# Aggregate Function Migration Guide
## Overview
We are migrating from a hardcoded aggregate system to a plugin-based registry system that makes aggregate functions as extensible as regular SQL functions.
### Two Systems
1. **Old System** (`src/sql/aggregates/`): Hardcoded aggregate functions
2. **New System** (`src/sql/aggregate_functions/`): Registry-based, uses traits for extensibility
## Migration Pattern (Using SUM as Example)

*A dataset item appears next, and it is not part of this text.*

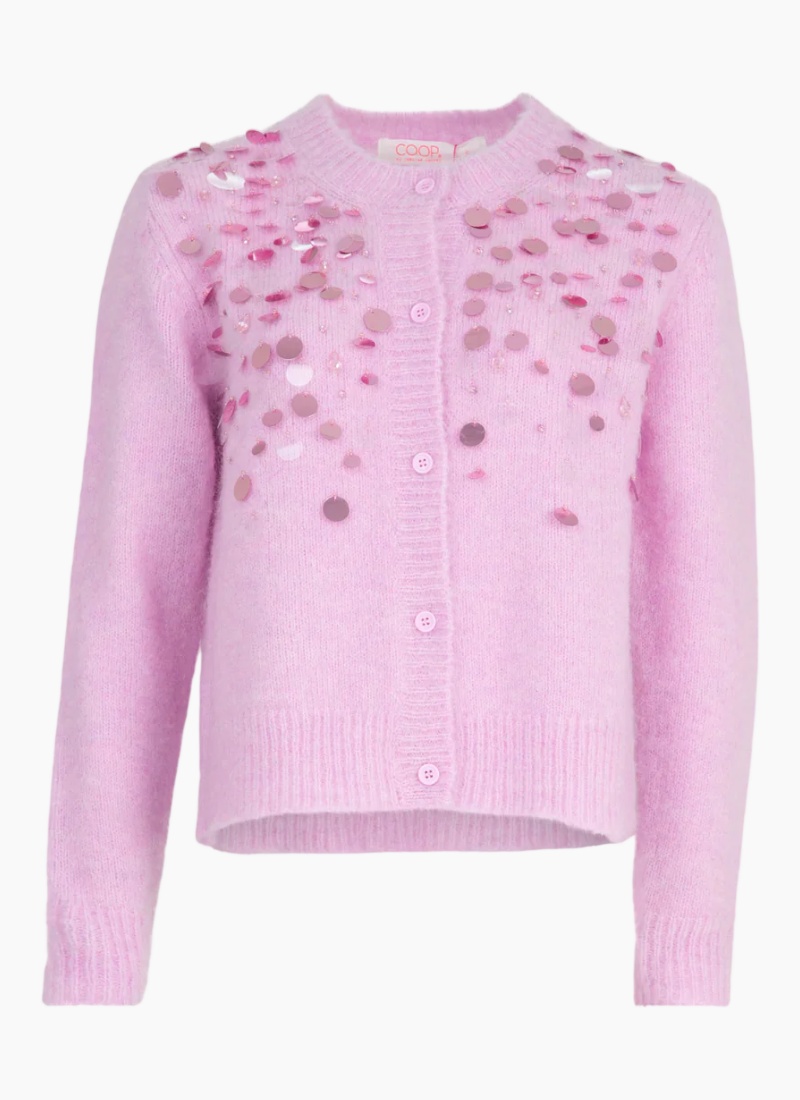 Introducing the Cardi-Bling - Shinny Side Up Pink from COOP. This playful cardigan pairs a soft, fuzzy texture with shimmering sequin detail for an elegant yet fun finish.

### Step 1: Ensure Function Exists in New Registry
The new aggregate function should implement the `AggregateFunction` trait and `AggregateState` trait.
```rust
// In src/sql/aggregate_functions/mod.rs
struct SumFunction;
impl AggregateFunction for SumFunction {
fn name(&self) -> &str { "SUM" }
fn description(&self) -> &str { "Calculate the sum of values" }
fn create_state(&self) -> Box<dyn AggregateState> {
Box::new(SumState { /* ... */ })
}
}
// Register in the registry
self.register(Box::new(SumFunction));
```
### Step 2: Update ArithmeticEvaluator
The evaluator needs to check both registries during migration:
1. Add new registry to the struct:
```rust
pub struct ArithmeticEvaluator<'a> {
aggregate_registry: Arc<AggregateRegistry>, new_aggregate_registry: Arc<AggregateFunctionRegistry>, }
```
2. Update the evaluation logic to check new registry first for migrated functions:
```rust
if name_upper == "SUM" && self.new_aggregate_registry.get(&name_upper).is_some() {
let agg_func = self.new_aggregate_registry.get(&name_upper).unwrap();
let mut state = agg_func.create_state();
for &row_idx in &rows_to_process {
let value = self.evaluate(&args[0], row_idx)?;
state.accumulate(&value)?;
}
return Ok(state.finalize());
}
```
3. Handle DISTINCT case similarly in `evaluate_aggregate_with_distinct`
### Step 3: Update Aggregate Detection
The `contains_aggregate` and `is_aggregate` functions need to check both registries:
```rust
// In src/sql/aggregates/mod.rs
pub fn contains_aggregate(expr: &SqlExpression) -> bool {
// Check old registry
let registry = AggregateRegistry::new();
if registry.is_aggregate(name) {
return true;
}
// Check new registry for migrated functions
let new_registry = AggregateFunctionRegistry::new();
if new_registry.contains(name) {
return true;
}
}
```
### Step 4: Remove from Old Registry
Once the function is working through the new registry:
```rust
// In AggregateRegistry::new()
let functions: Vec<Box<dyn AggregateFunction>> = vec![
// Box::new(SumFunction), // MIGRATED to new registry
Box::new(AvgFunction),
// ...
];
```
### Step 5: Test Thoroughly
Test the migrated function with:
- Simple queries: `SELECT SUM(column) FROM table`
- DISTINCT: `SELECT SUM(DISTINCT column) FROM table`
- GROUP BY: `SELECT category, SUM(value) FROM table GROUP BY category`
- HAVING: `SELECT category, SUM(value) FROM table GROUP BY category HAVING SUM(value) > 100`
- Window functions (if applicable)
## Next Functions to Migrate
Good candidates for migration (in order of simplicity):
1. **COUNT** - Similar to SUM, straightforward accumulation
2. **AVG** - Builds on SUM pattern
3. **MIN/MAX** - Simple state tracking
4. **MEDIAN/MODE** - Already collect all values
5. **STRING_AGG** - Has parameters, good test for parameter handling
## Benefits of New System
1. **Extensibility**: New aggregates can be added without modifying core code
2. **Consistency**: Same pattern as regular SQL functions
3. **Testability**: Each aggregate is self-contained
4. **Type Safety**: Trait system ensures correct implementation
5. **Performance**: No change in performance, same accumulation pattern
## Future Enhancements
Once migration is complete:
- Add support for custom aggregate functions from plugins
- Implement parallel aggregation for large datasets
- Add aggregate function composition (e.g., AVG of SUMs)
- Support for approximate aggregates (HyperLogLog, etc.)